Incluem-se nessa estratégia discursiva o tema dos objetos, lugares e situações malditos ou demoníacos. E geralmente são retornos vingativos de entidades familiares: Chucky, o brinquedo assassino, a televisão em Poltergueist, telefone e vídeo em O chamado, o Freddy Krueger capaz de penetrar na região mais íntima e protegida do sono e do sonho, sem falar nas variantes assumidamente cômicas, como tomates ou Barbies assassinas, insetos e animais de toda, chegando ao cúmulo da sala de estar vazia em Atividade paranormal.
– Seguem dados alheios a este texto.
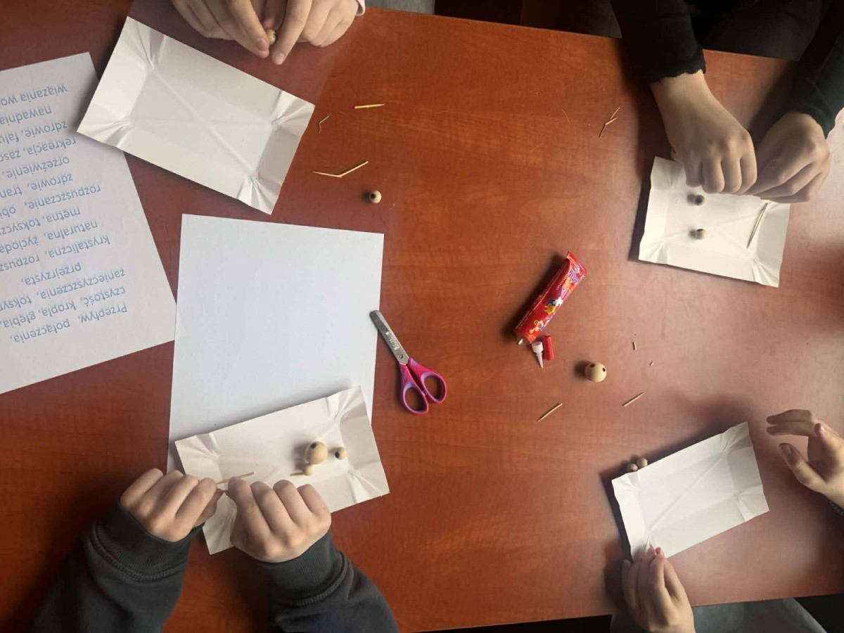 Ponadto dnia 24 kwietnia 2026 r. w klasach 7a, 7c, 7d i 8d odbyły się warsztaty pt. "Budowa cząsteczki wody", które przeprowadzili pracownicy Zakładu Aqua.

A violação do acordo simbólico entre vivos e mortos, entre homens e deuses, entre adultos e crianças sempre decorre de um ponto de instabilidade, no interior da fantasia inconsciente, entre a função de organização da realidade e a função de transmissão dos desejos. É nesse ponto que algo da realidade não se sexualiza, ou não se simboliza corretamente, dando margem aos fenômenos de retorno. Quando aquela linda garota decide tomar banho nua na lagoa sombria, quando aquele grupo de adolescentes ruma para o cemitério para escarnecer os mortos, ou quando o menino tenta abrir a única porta ostensivamente proibida, sabemos que o risco representado pelo desejo terá uma consequência.
Nossa atração pelo terror, expressa pela compulsão em repetir experiências que o terror nos evoca, não constitui um gosto patológico. Pelo contrário, funciona como uma espécie de antídoto para o empobrecimento de nossa fantasia, eventualmente presa a condições e limitações que exprimem nossa covardia em atravessar pontos de vista protegidos pelo horror e pelo estranhamento. No momento em que enfrentamos tantas formas de segregação, intolerância e forçamento ao mesmo tipo de realidade compartilhada e à mesma posição de verdade, o terror ainda é uma das formas discursivas às quais se pode atribuir algum potencial crítico, bem como alguma potência de recuperação do desejo. Nossa atração pelo terror denuncia que ainda não nos conformamos totalmente com o que a realidade coloca diante de nossos olhos.
CHRISTIAN INGO LENZ DUNKER, psicanalista.